Stored dataset items:
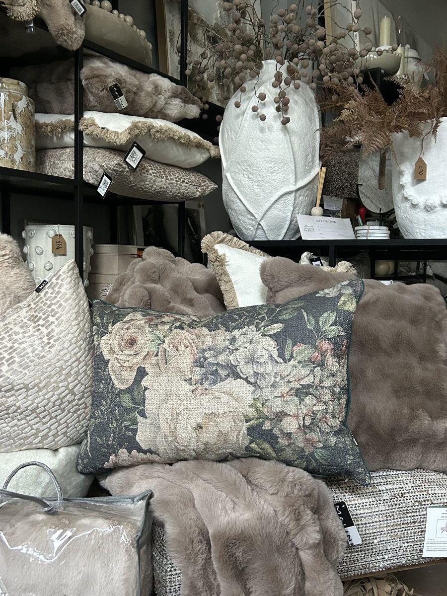 Crafted with premium woven fabric, the cushion showcases a bouquet of muted roses, hydrangeas and leafy greens in warm, antique tones. Whether styled on a sofa, armchair, or bed, it adds texture, comfort and a touch of vintage-inspired luxury.
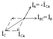 Линейные токи через фазные могут быть выражены по 1 закону Кирхгофа:
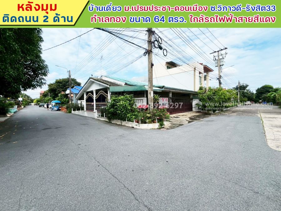 ข้อมูลเพิ่มเติม: บ้านเดี่ยวชั้นเดียว หลังมุม ติดถนน 2 ด้าน ขนาด 64 ตรว. หมู่บ้านเปรมประชา-ดอนเมือง ซ.2 ถนนวิภาวดี-รังสิต33
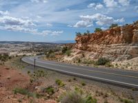 A scenic rural road in Utah, surrounded by beautiful nature. The asphalt road stretches into the distance, with clear skies and fluffy clouds above. An idyllic day for a drive in the USA.
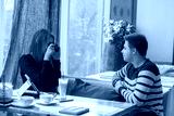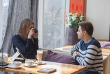 Cheerful couple dating in a cafe. They are having fun and smiling making pictures from retro photo camera. They are looking at each other.
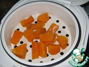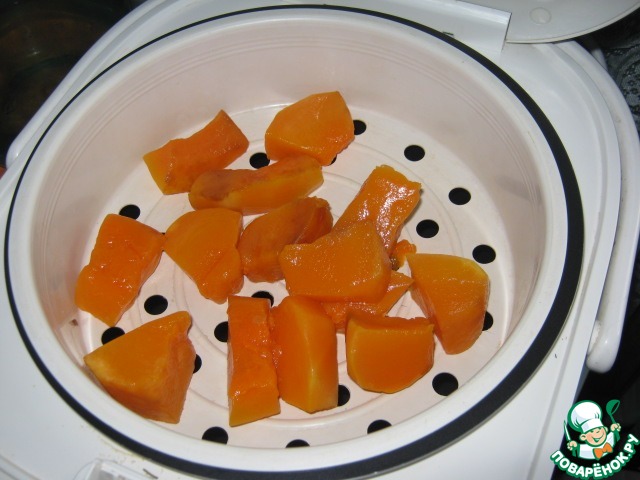 Сначала надо тыкву отварить без воды. Это можно сделать в микроволновке или в мультиварке на пару.
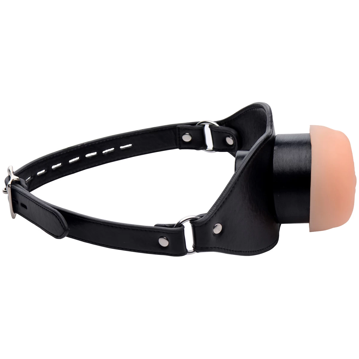 Met de kinky Pussy Face Gag verandert de mond van je partner in een strakke, gewillige vagina.
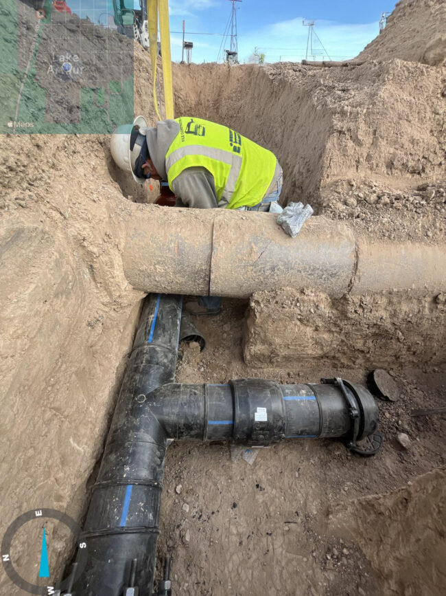 Construction of approximately 12,100LF of 6, 8 and 14-inch C-900 PVC pipe, 560 LF of 6, 8 and 14″ directional drilled HDPE DR 11 HDPE, isolation valves, hydrants, meter coil pits, and other appurtenances, trench groundwater dewatering, rock excavation, lien fill encasement, asphalt patching, concrete curb and sidewalk replacement.

Task statement:
In the records above, find the line that contains "Сначала надо тыкву". Print it and every later line exactly, omitting the pictures.

Output of the exercise:
 Сначала надо тыкву отварить без воды. Это можно сделать в микроволновке или в мультиварке на пару.
 Met de kinky Pussy Face Gag verandert de mond van je partner in een strakke, gewillige vagina.
 Construction of approximately 12,100LF of 6, 8 and 14-inch C-900 PVC pipe, 560 LF of 6, 8 and 14″ directional drilled HDPE DR 11 HDPE, isolation valves, hydrants, meter coil pits, and other appurtenances, trench groundwater dewatering, rock excavation, lien fill encasement, asphalt patching, concrete curb and sidewalk replacement.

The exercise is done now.